Because the tumours had many exhausted T cells, researchers tested immune checkpoint blockade (ICB). Treating tumour-bearing mice with antibodies against PD-1 and CTLA-4 led to a striking reduction in tumour burden and significantly improved survival. The therapy reinvigorated the exhausted T cells, increasing their numbers and cytotoxic function within the tumours.
Mechanistically, the effectiveness of ICB was linked to the metabolic state. The ATF6α-driven, glycolysis-heavy environment depleted key nutrients like glucose, which directly contributed to T cell exhaustion. Restoring FBP1 expression, which normalizes glucose metabolism, also enhanced the anti-tumour immune response and improved the efficacy of immunotherapy.
Finally, the study explored ATF6α as a direct therapeutic target. In several established mouse models of liver cancer (induced by chemicals or high-fat diet), reducing ATF6α activity was beneficial. This was achieved in three ways: 1) complete genetic knockout, 2) deleting ATF6α specifically in liver cells after tumours formed, and 3) using a therapeutic injection of antisense oligonucleotides (ASOs) designed to degrade Atf6 mRNA in the liver.
All three approaches significantly reduced liver tumour growth. The ASO treatment, a clinically relevant method, was particularly effective, reducing tumour progression and markers of cancer aggressiveness. This demonstrates the potential of targeting the ATF6α pathway itself for liver cancer treatment.

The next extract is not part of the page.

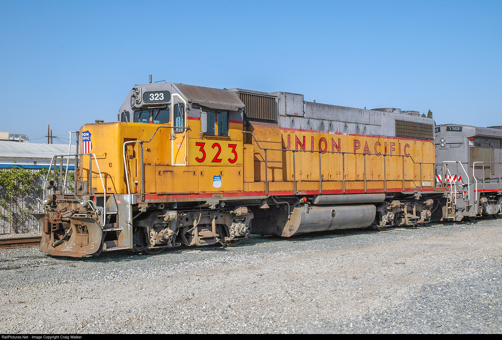 Union Pacific GP38-2 323 was built by General Motors Electro-Motive Division as Missouri Pacific 914 in October 1972. MoPac later renumbered it to MP 2065. It was eventually sold to Helm Financial Corporation, where it became HLCX 2065. Helm eventually sold it to Union Pacific (to whom it would have ended up if the MP hadn't unloaded it before the merger of the two railroads), becoming UP 1823. UP later renumbered this Geep to UP 323, as seen here. (Anaheim, California - July 8, 2005)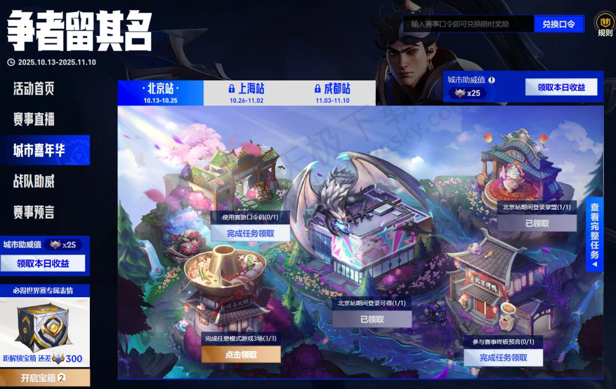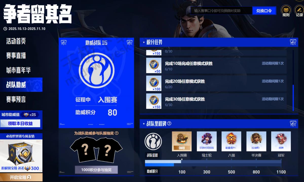 2025英雄联盟全球总决赛观赛活动“争者留其名”已经在10月14日上线啦。这次活动从2025年10月13日持续到11月10日,大家可以通过看比赛直播、完成城市电量任务、给喜欢的职业战队加油来赢取丰厚的奖励,包括大量的蓝色/橙色精粹、限时皮肤以及S15世界赛的限定表情。

This work redefines ATF6α from a short-term adaptive protein to a central driver of liver cancer when chronically activated. It establishes a direct mechanistic chain: persistent ATF6α activation → direct repression of FBP1 → a metabolic shift to glycolysis → depletion of glucose/glycogen → worsened ER stress and promotion of tumour growth. This metabolic reprogramming also creates an immunosuppressive tumour environment by exhausting infiltrating T cells.
Paradoxically, this exhausted state makes the tumours more vulnerable to immune checkpoint inhibitors, identifying high ATF6α activity as a potential biomarker for predicting which HCC patients will best respond to immunotherapy. Furthermore, directly targeting the ATF6α pathway itself, for example with hepatocyte-directed ASOs, emerges as a promising new therapeutic strategy, potentially to be used alone or in combination with existing immunotherapies.